Mutual Funds provide a support and help for reducing risks associated in investing in stock markets for those who do no have experience and expertise on stock market investment.
As the MF s have their fund managers who are qualified and experienced specialists in the filed, they know the various parameters, analyse and review the signals received from market and from other sources, and plan their investment strategy accordingly to safeguard their company's interest and increase revenue and profits. By being a small part of the larger investment (by buying the mutual fund units), we also get the benefits and pay a small charge for those services. However as our direct investment is limited to the units, even when losses occur we do not get big shocks, as the same is spread among various investors. For the same reason, we may get only reduced returns than when we would have invested directly in stock market.

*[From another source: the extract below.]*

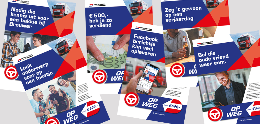 In een herkenbare Brouwer Transport-stijl bedachten we het thema ‘OP WEG naar €500,-’, ontwikkelden we een logo, mailing, een pakkende stuurhanger voor in elke vrachtwagencabine, we deelden de spelregels, hingen posters door het hele pand en deden meer. Bekijk nu alle uitingen die Team Switch heeft gecreëerd.
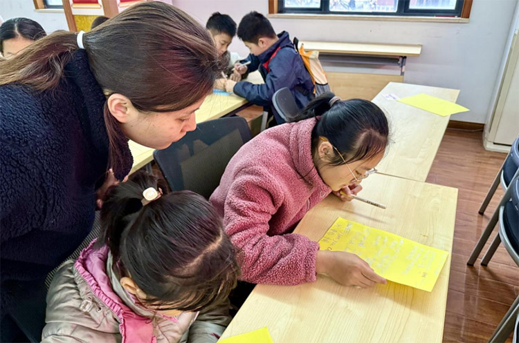 在“童心回信工作坊”活動中,大學生志愿者引導孩子們用中英文書寫“新時代家書”。彩色卡紙上,孩子們充分發揮自己的想象力和創造力,有的用稚嫩的筆觸描繪出心中祖國的繁榮景象,有的寫下對革命先烈的感恩與敬仰,還有的向家人朋友傾訴自己的心聲。外國語學院學子們穿梭其間,既指導語法規范,更注重情感表達,讓跨語言的文化共鳴潤物無聲。

To have some good return one should stay invested for a reasonable long term. The stock market may fluctuate every day, week after week. But as retail investors in MF, one should not panic or react to every change in the market price. Short term evaluation may not reflect the real performance. The rate of CAGR for a long period may give some trend or signal about the fund performance. If the long period (say 5 yrs) CAGR rate is more than the bank deposit rates by a few percentage points, and real return is more than the inflation rate then that can be held on.
Value MF are seen to deliver better performance in long term. So you may wait for some more time to take a quit/swap decision.
If you don't feel confident, further investments you may invest in other funds or other category funds of the same fund house.